Лена покраснела, хотя давно должна была привыкнуть к подобного рода шуткам. Андрей вечно дразнил ее этим поклонником; но она легко краснела, как все блондинки.

– Василий, во всяком случае, человек с твёрдыми принципами, а не сибарит[3], как вы, – сказала она с улыбкой. – Но теперь прощайте, мне некогда ссориться с вами.

Он взял лампу, чтобы посветить ей на лестнице, и подождал у дверей, пока она перешла через улицу к своему дому. Потом он медленно воротился в свою одинокую комнату.

Спасённая страница письма соблазнительно лежала на столе. Лена угадала правду: прося у нее письмо, он хотел наедине насладиться дружескими словами своих далёких товарищей; но, догадавшись о его намерении, Лена испортила ему все удовольствие. Он положил письмо в карман, чтобы прочесть его на следующий день; теперь же решился пойти спать и отворил дверь алькова в глубине своей узкой и низенькой комнаты, которая благодаря этому увеличению приняла вид пустой коробки из-под сигар или гроба.
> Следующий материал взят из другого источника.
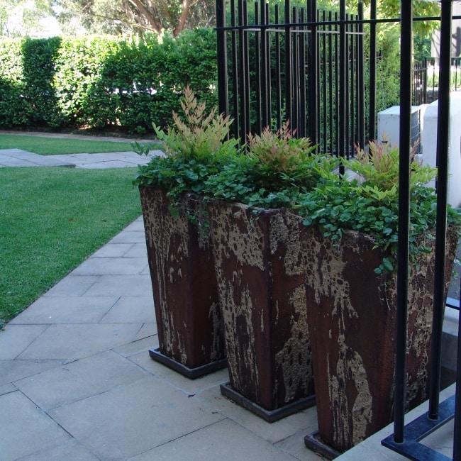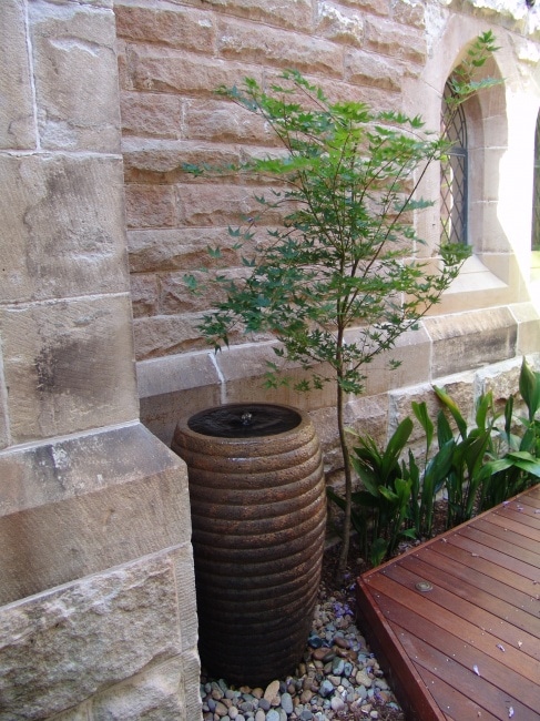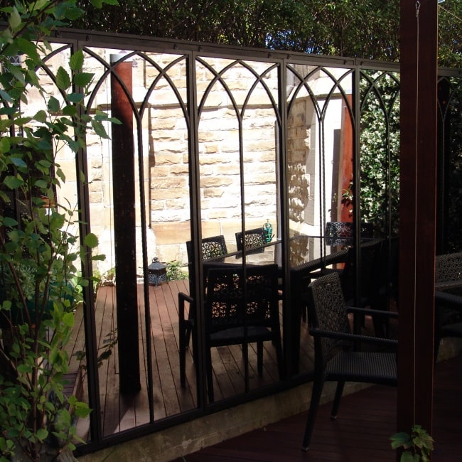 They ordered four of the mirrors — tall and elegantly shaped like an arched church window — and had a wall erected along the rear boundary of their small and irregular shaped courtyard to suit the size of the mirrors. When the wall was completed and the mirrors were hung side by side they ordered two more to fill more of the space.

Приготовив постель, он, однако, почувствовал, что напрасно трудился, так как был слишком взволнован, чтобы заснуть.

Три длинных, длинных года прошли с тех пор, как Андрей Кожухов, замешанный в первых попытках пропаганды среди крестьян, а потом и в дальнейшей борьбе, вынужден был, по настоянию друзей, поехать «проветриться». С тех пор он скитался по разным странам, тщетно ища работы для своего беспокойного ума. Еще в конце первого года добровольной ссылки им овладела такая тоска по родине, что он стал просить товарищей, центр которых был тогда в Петербурге, чтобы они позволили ему вернуться и занять место в их рядах. Ему отказали наотрез. Был момент затишья; полиции не за кем было охотиться; а так как она еще отлично помнила имя Кожухова, то его появление могло поднять всю шайку на ноги. Стеснённый во всех своих движениях, он был бы только в тягость товарищам, так как им пришлось бы заботиться о его безопасности. Он должен был понимать это сам. Если его возвращение станет нужным, они сообщат ему. А пока ему следует сидеть смирно и заняться революционной литературой или принять участие в заграничном социалистическом движении.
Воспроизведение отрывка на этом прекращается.